Es ist logisch, dass die Industrieländer, die versuchen werden, nicht von den großen Schwergewichten getroffen zu werden, dennoch leiden werden, wenn auch nicht in demselben Maße wie die Länder, die in den Konflikt verwickelt sind (z. B. die USA, China, Russland, Deutschland, das Vereinigte Königreich, möglicherweise Indien, Brasilien, Südafrika). Die Unterbrechung von Logistik- und Vertriebsketten ist bei komplexen Gütern immer schmerzhafter als bei einfachen Gütern.

Und nun zum wichtigsten Punkt. Die Einschätzungen der WTO weisen zwei große Mängel auf. Erstens beschreibt der Bericht der Organisation, was passieren könnte, während die Fragmentierung der Weltwirtschaft bereits Realität ist. Mit anderen Worten, es gibt keine Möglichkeit, das Hackfleisch zurückzudrehen, die Prozesse sind bereits eingeleitet. Der zweite Fehler ist, dass die WTO aus irgendeinem Grund nur zwei Blöcke in der neuen Welt sieht — den fiktiven östlichen und den fiktiven westlichen Block, die sich verzweifelt bekämpfen. Auch das ist falsch.

Die Fragmentierung wird tiefer gehen und sich um die wirtschaftlich und militärisch stärksten Länder der Welt gruppieren, die in der Lage sein werden, Bündnisse zu schließen, die für ihre Existenz und Entwicklung ausreichen, und die über ein bedeutendes Ressourcenpotenzial und Absatzmärkte verfügen. Dabei handelt es sich bedingt um chinesische, amerikanische, russische, indische, möglicherweise türkische und andere Projekte, die in unterschiedlichem Maße miteinander interagieren und konkurrieren werden. Sie werden unterschiedliche Handelshemmnisse, unterschiedliche technologische Durchdringungen usw. haben. Das heißt, das System wird nicht bipolar, sondern multipolar und sehr dynamisch sein.

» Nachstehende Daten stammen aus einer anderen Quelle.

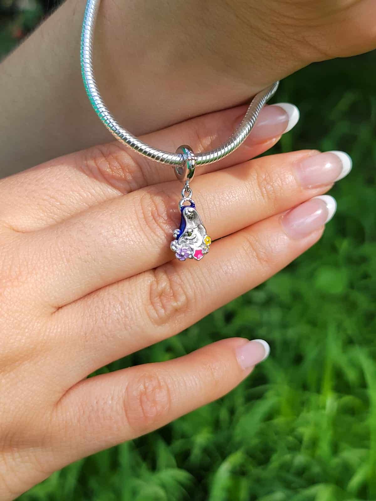 Es una pieza compatible con pulseras estilo Pandora, ideal también para dijes de collar o como regalo especial cargado de devoción.
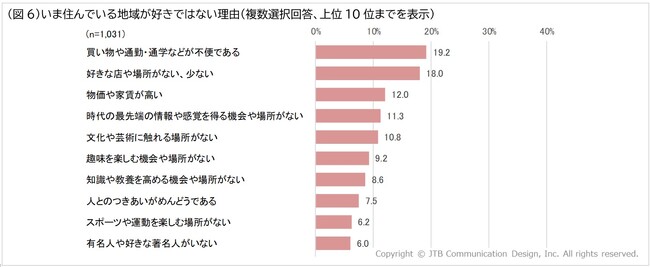 自分が住んでいる地域が好きではない理由は、「買い物や通勤・通学などが不便である」19.2%、「好きな店や場所がない、少ない」18.0%が多く、ついで「物価や家賃が高い」12.0%、「時代の最先端の情報や感覚を得る機会や場所がない」11.3%、「文化や芸術に触れる場所がない」10.8%などとなりました。(図6)
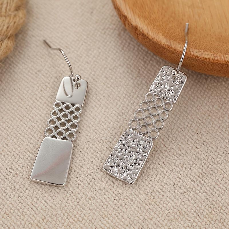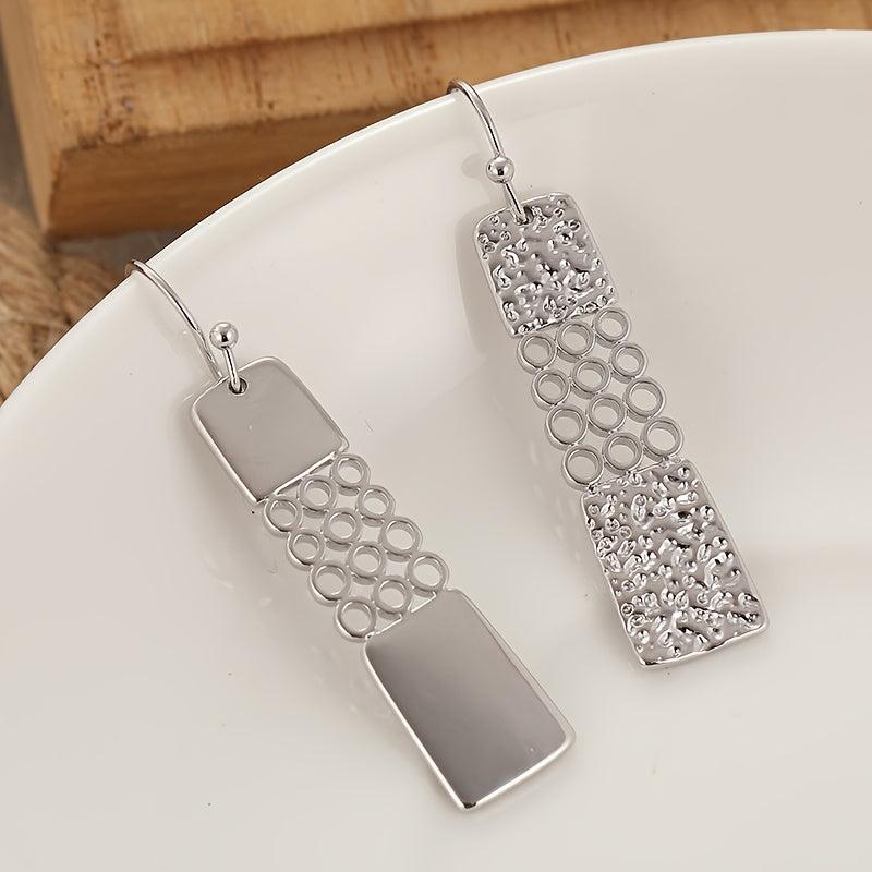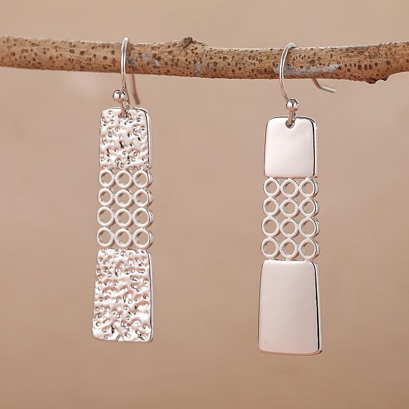 These stylish earrings feature an asymmetric geometric wave design with a textured surface. They are made of copper and have a vintage boho style, perfect for daily wear and special occasions.

Dies bedeutet, dass die WTO mit ihren Schlussfolgerungen, die düstere Aussichten für den sich abzeichnenden Deglobalisierungstrend zeichnen, möglicherweise nicht richtig liegt. Es besteht kein Zweifel, dass die Fragmentierung der Weltwirtschaft die Transaktionskosten des Welthandels erhöhen wird. Aber der Wettbewerb zwischen den verschiedenen Zentren der multipolaren Welt und der Wegfall der dominierenden Macht, die selbst enorme Kosten für ihre Aufrechterhaltung verursacht, können im Gegenteil dem sich neu definierenden Weltwirtschaftssystem neuen Inhalt verleihen.